Weaker global demand is the story on nonfat dry milk, according to Fuess, and that has driven prices at the CME. He cited the Dairy Products report showing powder output a bit weaker than a year ago; but that export category is down significantly and stocks climbed, indicative of weak demand at the end of the year. He looks for slow but steady price declines to continue in the powder.


Jan. 10’s Global Dairy Trade Pulse auction was the first one of 2023 and saw 2.2 million pounds of Fonterra whole milk powder sold at $3,170 per metric ton. That’s down $35 from the Dec. 27 Pulse, but unchanged from last week’s GDT auction Contract 2 March price and the first time the Pulse price did not decline since Dec. 6, according to StoneX.

HighGround Dairy points out, “whole milk powder inventories in China are speculated to be replete providing ample supply for domestic demand.
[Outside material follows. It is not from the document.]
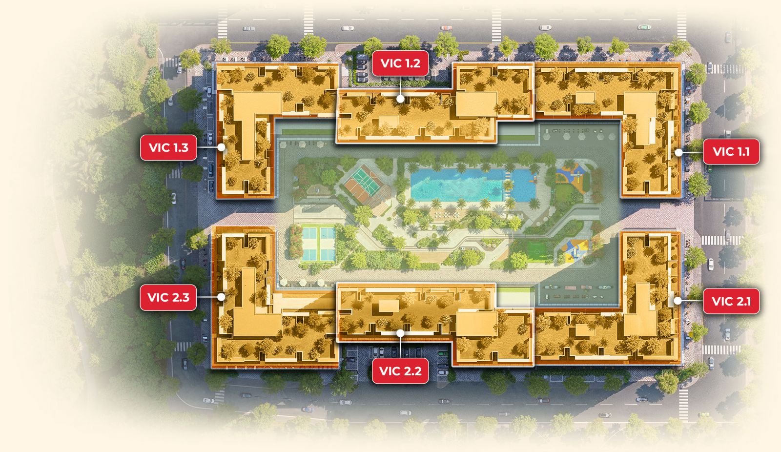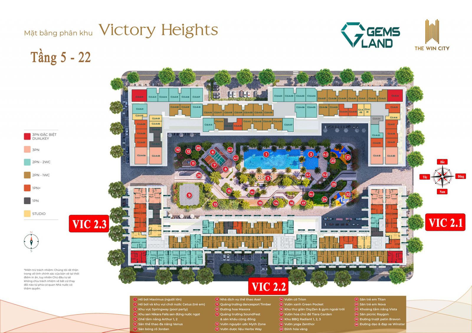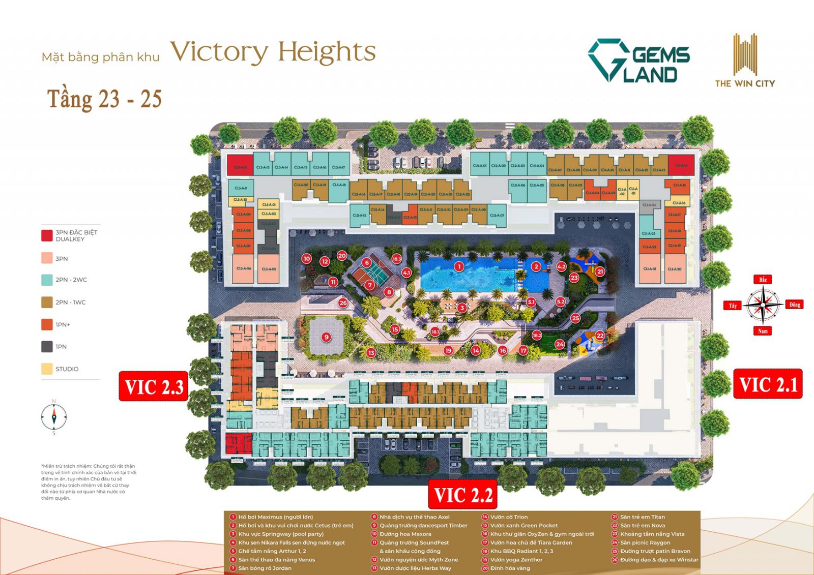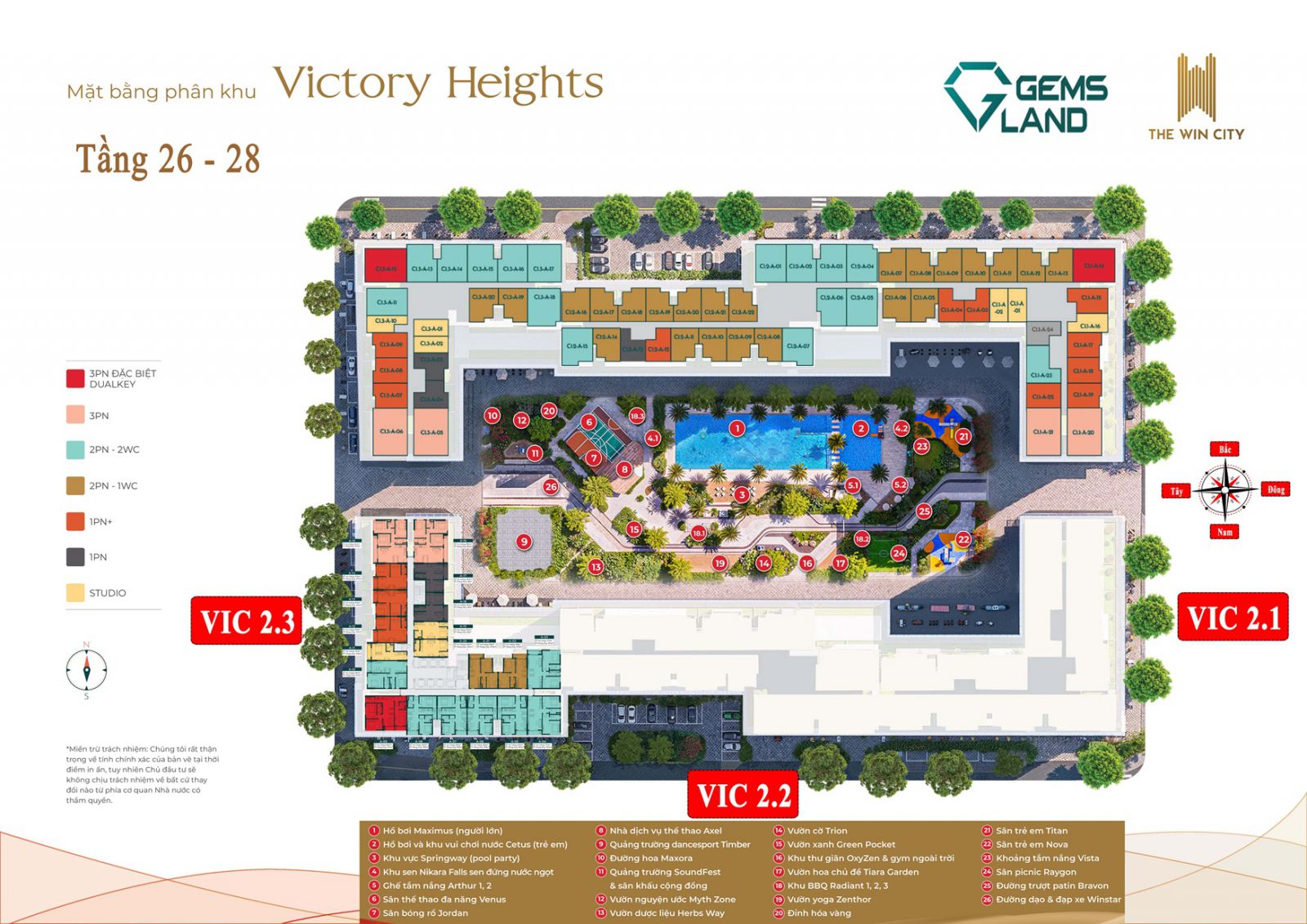 Khu Victory Heights gồm 6 block căn hộ từ Vic 1.1 - Vic 2.3, cao từ 23 – 28 tầng.

With little competitive buying interest from the country there is plenty of room for other regions to procure product at these low prices.” 

The Covid virus continues to spread in China, says HighGround Dairy, “amid what critics say is a lack of transparency from Beijing. China officially opened their borders and citizens have started to travel cross-border, to either Hong Kong or Russia, and flights from overseas flights started to trickle in. Authorities say they expect domestic rail and air journeys will double over the same period last year, bringing overall numbers close to those of the 2019 holiday period before the pandemic hit.”